For consistency with the scope of this review, only oral GLP-1 receptor agonist formulations were considered eligible, while injectable GLP-1 receptor agonists were excluded from the formal evidence synthesis. Review articles, editorials, book chapters, meta-analyses, and case reports were excluded to preserve the objectivity of the synthesis, avoid data redundancy, and ensure the map reflects only primary empirical evidence.

3. Results

3.1. Selection of Studies

An automated literature search utilizing search queries across multiple electronic databases sorted out a total of 997 articles. We assessed eligibility by checking titles and abstracts, excluding 906 articles according to the criteria: 10 duplicates; 184 non-original articles; 228 papers not related to OHAs, such as those focusing on insulin, herbs or traditional medicines; 483 articles irrelevant to T1DM; and 1 article not written in English. The full texts were retrieved for the remaining 91 articles and were classified into two themes: 33 papers regarding mitochondrial dysfunction in T1DM (theme 1) and 58 papers regarding the roles of OHAs in T1DM-related mitochondrial dysfunction (theme 2). Upon reviewing the full-text articles, we removed papers irrelevant to mitochondrial function, such as those investigating mitochondrial morphology or mitochondrial genomics, etc. At this step, 13 papers were excluded from theme 1 and 54 papers from theme 2, as illustrated in Figure 1. Ultimately, 24 relevant papers published between 1986 and 2025 were included. Among them, 21 papers [9,10,11,12,13,14,15,16,17,18,19,20,21,22,23,24,25,26,27,28] addressed mitochondrial dysfunction in T1DM, and 4 papers [29,30,31,32] investigated the role of OHAs in mitochondrial dysfunction in T1DM. To note, we identified T1DM animal studies based on the description of the experimental methodology regarding a streptozotocin-induced diabetic animal model [32]. The searches of clinical trial registries did not identify any additional eligible studies. A summary of the overall selection process is presented in a PRISMA flowchart (Figure 1).

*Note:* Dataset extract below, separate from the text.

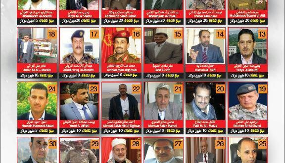 وضمت القائمة صالح الصماد رئيس ما يسمى بـ{المجلس السياسي} للانقلابيين، ومحمد علي الحوثي رئيس ما يسمى بـ{اللجنة الثورية} للميليشيات الحوثية المسلحة، وزكريا الشامي، وعبد الله يحيى أبو الحاكم، وعبد الخالق الحوثي، ومحمد العاطفي، ويوسف المداني، وعبد القادر الشامي، وعبد الرب جرفان، ويحيى الشامي حيث تم رصد 20 مليون دولار لمن يدلي بمعلومات تقود للقبض على أي منهم.

3.2. Study Characteristics

Twenty studies [14,15,16,17,18,19,20,21,22,23,24,25,26,27,28,29,30,31,32,33] that addressed mitochondrial dysfunction in T1DM are summarized in Table 1. Fourteen studies [14,15,17,20,21,23,25,26,27,28,29,30,31,33] primarily involved in vivo animal studies. Among these, most used STZ-induced diabetic models, including mice [14,27,32,33], rats [15,17,20,21,26,29,30,31], and one canine model [28], while one study used non-obese diabetic (NOD) mice, which spontaneously develop autoimmune β-cell destruction resembling T1DM [25]. Four studies involved human T1DM samples [16,18,19,24], including peripheral blood mononuclear cell analysis, observational cross-sectional studies, and transcriptomic or in silico analyses. Two studies [22,23] used in vitro insulin-producing cell or isolated islet models to investigate cytokine-induced mitochondrial stress and β-cell injury. One study [32] combined in vivo and in vitro approaches to explore mitochondrial complex I inhibition and β-cell apoptosis.
Table 1. Summary of studies characterizing mitochondrial dysfunction in T1DM.
Due to the paucity of literature specifically addressing the roles of OHAs in T1DM-related mitochondrial dysfunction, only four preclinical studies [34,35,36,37] were identified, as summarized in Table 2. Among these, two classes of OHAs were investigated: biguanides (metformin) in two studies [34,36] and SGLT2 inhibitors (empagliflozin) in the other two studies [35,37].
Table 2. A summary of studies investigating the role of OHAs in T1DM-related mitochondrial dysfunction.

3.3. Mitochondrial Dysfunction in T1DM

The included studies highlighted several key pathological mechanisms of mitochondrial dysfunction in T1DM. Oxidative stress and reactive oxygen species (ROS) overproduction were the most frequently reported pathways [14,16,23,27], with documented elevated mitochondrial ROS and oxidative damage to lipids and proteins.
Impaired bioenergetics and ATP production [16] were reported and characterized by the reduced activity of electron transport chain (ETC) complexes and diminished mitochondrial ATP synthesis. Mitochondria-mediated apoptosis pathways were addressed in seven articles [19,21,24,25,26,32,33], highlighting mitochondrial membrane depolarization, cytochrome c release, and caspase activation. Altered Ca2+ homeostasis and an increased susceptibility to mitochondrial permeability transition pore (MPTP) opening have been identified, suggesting that intracellular Ca2+ disruptions critically contribute to mitochondrial dysfunctions [15,17,29].
Three articles [21,26,30] reported disrupted mitochondrial proteostasis and protein quality control (PQC), which emphasized the impaired expression of mitochondrial chaperones and proteases, the accumulation of misfolded or oxidized proteins, and PQC system dysfunction. Altered mitochondrial dynamics including mitophagy and fission or fusion imbalances were mentioned in three articles [17,24,31]. Dysfunctional microRNAs (miRNAs) affecting mitochondria where specific miRNAs were shown to regulate mitochondrial metabolism, apoptosis, and oxidative stress were mentioned in one article [19]. A list of relevant studies on mitochondrial dysfunction in T1DM is summarized in Table 1.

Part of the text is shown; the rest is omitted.